All the words that are not part of vocabulary are mapped as unknown words.

  • Speaking Style

In terms of speech recognition, an utterance is a spoken word. A single word, few words, a single sentence, and few sentences can be considered as an utterance as well. Based on utterances type, multiple approaches can be used to develop an ASR.

12 Utterance approach

An utterance is divided into two types: isolated and connected words.

  1. a

    Isolated Words

A system that is based on the isolated word type of utterance requires its users to take a well-defined pause between each spoken word. This does not necessarily mean that the system will only take one-word input at a time and produce one-word output. Such systems can take multiple words as input but will only process one of them at a time.

  1. b

    Connected Words

Connected words, on the other hand, consists of a system that works with connected utterances and will take a nominal or no pause between two or more words. Such systems can take an input of multiple words at a time and process them as a whole rather than individually.

13 Utterance style

Since most people have their speaking style, utterances can also be divided into two types on this basis. These two types are continuous and spontaneous speech [82].

  1. a

    Continuous Speech

In continuous speech utterances, the users of the system are allowed to speak almost naturally. These types of utterances do not require a pause between words. The input given to the system is considered as a whole and is not divided into individual words based on pauses.

  1. b

    Spontaneous Speech

Spontaneous speech utterances are completely natural. Such utterances may include bogus starts, coughing, laughter, and words like “um” and “ah”, etc. These systems are very difficult to develop as the system will require a very large vocabulary. It will also need to be able to differentiate between valid words and other sounds.

  • Channel Variability

Another way of classifying ASRs is based on the quality of the input channel. Some ASRs require input signals that are recorded in a clean environment i.e. without any background noise. Noise is unnecessary or unwanted information in the input speech signal. It can be anything from the chirping of birds in the background to distortion from the sound not being recorded correctly. Sometimes the input sound wave also gets distorted when we change its channel by using different software.

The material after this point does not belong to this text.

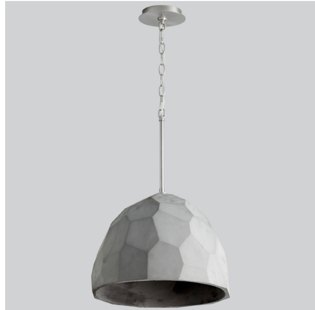
-1624 Gray/Satin Nickel

Besides noise, the difference in ages, gender, accent, environment, and speaking speed are also considered as variations in the input signal. An ASR should be able to cope with all of the different types of background noises or variations in the input speech signal [40, 71].

14 Feature extraction

The process of feature extraction is applied to remove irrelevant information from the signal. A good feature extraction algorithm should be able to extract the features in real-time and should contain maximum information. Feature extraction algorithms can also be classified based on speech features: temporal and spectral features. The temporal analysis techniques analyze the audio signal in its original form, the time domain. In spectral analysis, as the name implies, the spectral representation of the speech signal is used, the frequency domain. Some of the methods used for feature extraction are the MFCC, PLP, DWT, relative spectral-perceptual linear prediction (RASTA-PLP), and LPC.

14.1 Spectral feature analysis

14.1.1 Mel-frequency Cepstral coefficients

MFCC [37, 114] is one of the most powerful and most commonly used technique for feature extraction [22, 27, 76, 98, 111, 156].

A human ear does not perceive the voice or pitch of a sound linearly. Since many of the applications do not work well with the change in frequency, a scale was introduced in the 1940s, called the Mel-scale. The Mel-scale was developed when researchers were experimenting with how a human ear perceives pitch. It linearized the human auditory system to a linear scale [156]. The experimentations that were performed to develop this scale concluded that only the frequencies between 0 to 1000 Hz could be linearized to the Mel-scale. The values that do not fall in this range were considered to be logarithmic [147]. The following formula can be used to linearize a frequency to Mel-scale:

$$ {F}_{mel}=\frac{1000}{\log (2)}\cdotp \left[1+\frac{F_{Hz}}{1000}\right] $$

Here Fmel is the resultant linearized frequency, and FHz is the original frequency of the function.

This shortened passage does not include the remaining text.